Recently, in an entertainment program called Maritel, Mr. Gura Kim invited a “Ramen Master” with an international ramen patent and talked about ramen. The “Ramen Master” said that he had applied for a patent for the ramen broth he developed in Korea and other countries, but failed in the patent application in the United States. “What if my recipes that all my friends say are delicious should be registered in the US?” and “Bulgogi is also popular in the US… How about patenting my special bulgogi sauce?” I like cooking even a little. This is a common thought for those who do. Can a recipe really be the subject of a US patent?
To answer this question, let’s look at how the United States defines what can be patented. In the Patent Act, a patent is defined as “a new and useful process, machine, product, or combination of things, or a new or improved state thereof (“new and useful process, machine, manufacture, or composition of matter, or any new and useful improvement thereof”). stipulated (35 USC 101). There is also a condition that the invention must be novel (new/ novel) and non-obvious (35 USC 102 & 35 USC 103).
So, does a recipe fit the definition above? A recipe consists of commonly used ingredients, how to mix and cook ingredients, and the result. An ingredient can be seen as a composition and a cooking method can be seen as a procedure, making it a patentable subject. But I’m having trouble judging whether a recipe is “novel” or “non-obvious”. Because there have always been similar foods.
People may have been using a direct fire to grill the meat, and they may have sprinkled salt on it or seasoned it since not too long ago.
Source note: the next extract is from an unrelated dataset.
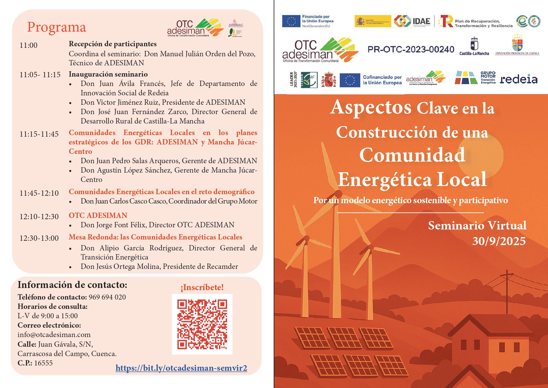Noticias Seminario Virtual: Aspectos Clave en la Construcción de una Comunidad Energética Local | 30 de septiembre de 2025 | 🕚 11:00 h Leer más Webinar de Presentación de Herramientas para el Apoyo al Desarrollo de Proyectos de Transición Energética y Creación de Comunidades Energéticas por los Grupos de Acción Local Leer más Jornadas clave para impulsar la transición energética y las comunidades energéticas rurales - 14 de Julio de 2025 de 9.30 a 14.30 Leer más Jornadas sobre Comunidades Energéticas Locales en Tarancón - 02 de Julio de 2025 de 10 a 14 Leer más Jornada “Transición Energética, Innovación Social y Tecnología en el Medio Rural” – Molina de Aragón, 21 de mayo de 2025 Leer más WEBINAR: UN MODELO DE DESARROLLO TERRITORIAL PARA LOS GRUPOS DE ACCIÓN LOCAL BASADO EN LA CREACIÓN DE COMUNIDADES ENERGÉTICAS Leer más GRAN ÉXITO DE LAS JORNADAS DEL 19 DE DICIEMBRE PROMOVIDAS POR EL GRUPO DE DESARROLLO RURAL MANCHA JÚCAR CENTRO CON LA COLABORACIÓN DEL GRUPO MOTOR Leer más Jornada sobre «Nuevos modelos de Desarrollo Territorial» el día 19 de Diciembre en La Roda (Albacete) Leer más Sigue aquí el evento sobre las Oportunidades de la Transición Ecológica para el desarrollo de una Nueva Economía en el Medio Rural. Leer más Las Oportunidades de la Transición Ecológica para el desarrollo de una Nueva Economía en el Medio Rural. Leer más El Grupo Motor para la Transición Energética, mención especial en los Good Practice of the Year de RGI Leer más Reunión de trabajo del Grupo Motor para avanzar y transferir un nuevo modelo de desarrollo rural basado en la transición energética. Leer más Invitación de ENERAGEN, como miembro del Grupo Motor para asistir al webinar: ¡ÚLTIMA CONVOCATORIA DE LA EU CITYFACILITY! Leer más FEUP se une al Grupo Motor para la Transición Energética con el fin de contribuir aportando su experiencia y conocimiento así como su red de universidades populares diseminada por todo el país. Leer más ECODES se une al Grupo Motor para la Transición Energética con el fin de contribuir aportando su experiencia y conocimiento sobre sostenibilidad y transición energética. Leer más PRÓXIMO WEBINAR SOBRE SUBVENCIÓN DE PROYECTOS PILOTO DE COMUNIDADES ENERGÉTICAS 5ª Y 6ª CONVOCATORIA DEL CE IMPLEMENTA EL DÍA 9 DE SEPTIEMBRE DE 10.00 A 11.00 Leer más PRÓXIMO WEBINAR LAS COMUNIDADES ENERGÉTICAS: UNA HERRAMIENTA PARA LA TRANSFORMACIÓN SOCIAL EN EL ÁMBITO RURAL EL DÍA 21 DE JUNIO DE 10.30 A 12.30 Leer más Redeia impulsa la creación del Grupo Motor para el Desarrollo Territorial de la Transición Energética Leer más El Ceder La Serena informa de la presentación del Grupo Motor y la Guía para la Transición Energética en España Leer más Desarrollo rural sostenible. Redeia impulsa la creación del Grupo Motor para el Desarrollo Territorial de la Transición Energética Leer más Esta es la hoja de ruta para el autoconsumo... en clave rural Leer más El Grupo Motor para el Desarrollo Territorial de la Transición Energética ayudará al medio rural Leer más Javier Vidal representa a Eneragen en la presentación de la Guía para la elaboración de Planes de Transición Energética en España Leer más Impulsado por Asistencia técnica

The ancient form of bulgogi was a type of meat marinated in soy sauce called maekjeok, a dish served to valuable guests during the Shilla period. In other countries, even if it is not soy sauce, it is common to use a variety of sauces for seasoning, and similar recipes can be easily found in China and Southeast Asia where soy sauce is used. It’s too common to be called “new/novel”. Even if our house’s Bulgogi is so delicious that it’s different from our neighbor’s Bulgogi, it’s not easy to be “novel”. Even if you increase the amount of sugar as a secret to making it delicious, or use plum syrup instead of sugar for health, the result is likely to be “obvious”.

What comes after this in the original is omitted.